This was first published in "The Buzz",BGI's quarterly newsletter.I have updated it slightly for use here.
Soil, dirt, potting mix. Call it what you will, it's the single most important thing to consider when planting your new brugmansia. I will just touch briefly on in-ground planting since most common garden soils will allow your brugmansia to grow and prosper. Unless you live in one of the western areas where the soil is alkaline, your soil should be safe. You can amend garden soils with sand and composted manure if you have clay, or humus and compost if you have sandy soil. If you have extremely alkaline soil there are things, such as aluminum sulphate, available to lower the ph. For those who may be unfamiliar with pH it is simply a scale used to measure acidity/alkalinity of various substances, in our case soil or soil substitutes. Seven is neutral on the scale, with numbers above seven indicating alkalinity and numbers below seven indicating acidity. Brugs tolerate a ph range of 7 down to about 5 and grow best at 6 to 6.5.

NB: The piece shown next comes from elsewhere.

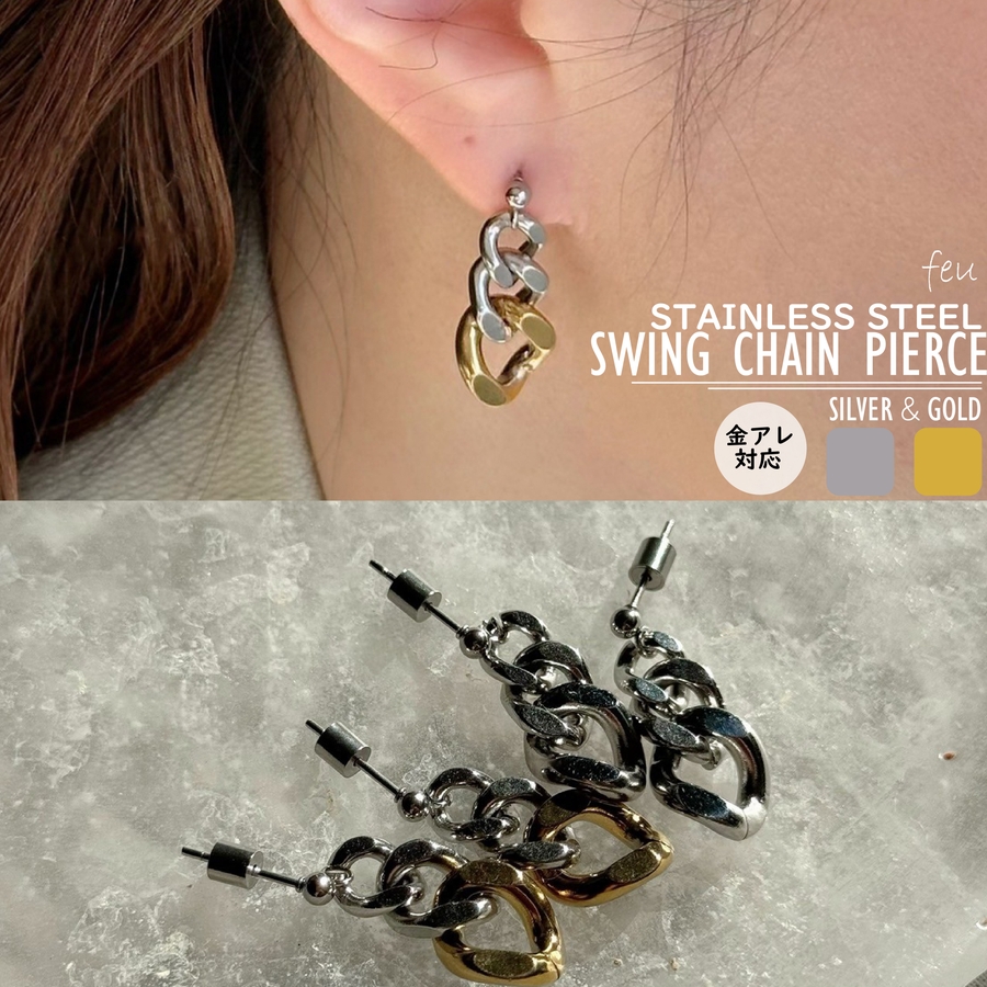 サージカルステンレス 揺れるピアス チェーン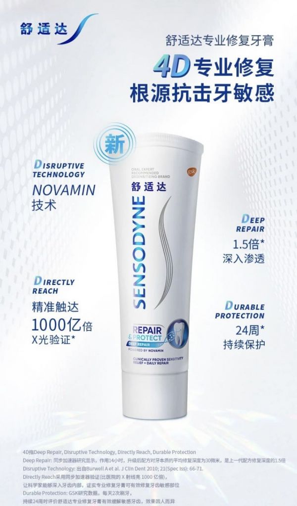 没有人能拒绝一口清新健康大白牙,舒适达抗敏感专业修复NovaMin技术3支装温和亮白牙齿 370g(100g×3+赠便携装35g×2),它采用NOVAMIN技术,修复牙本质小洞,有效缓解牙敏感,用后口气清新,口感甜润,是众多口腔医生推荐的抗敏感牙膏,现在购买,还送2支35g旅行装!

The rest of this article will deal with the commercially available potting mixes that most of us use when growing our Angel's Trumpets in containers. At Country Garden we started with a bagged mix from Walmart, sold as "Organic Cow Manure Compost". This mix had a great deal of sand so it drained well and best of all it was cheap. Two things were wrong with this. It was full of weed seed and the mix was not consistent. Soon we began to have a lot of root rot and general poor growth. We then switched to three other commercially available mixes... "Expert", "Miracle Grow" and "Jungle Growth". These products are mixes of ground pine bark, peat moss, vermiculite and perlite. As they come from the mill, they have a pH range acceptable to most plants. All of these did well for a period of about a year, then once again, we began to notice cases of root rot and general decline in our stock plants. Pulling a few plants and examining the soil showed another problem. As the potting mix aged it was decomposing in the pot and the drainage was getting worse as time went by. It was time to change again. It's worth noting that all of these are good products and the change we made next was to a product identical in composition to the three mentioned above. This change did two things. The new mix is "Fafard 52", a mix for commercial greenhouses. Though similar in composition to the three brands mentioned above, it is much less expensive.As of 2009 there was another change because "Fafard 52"became unavailable in our area.We switched to "Fafard 4", a similar mix.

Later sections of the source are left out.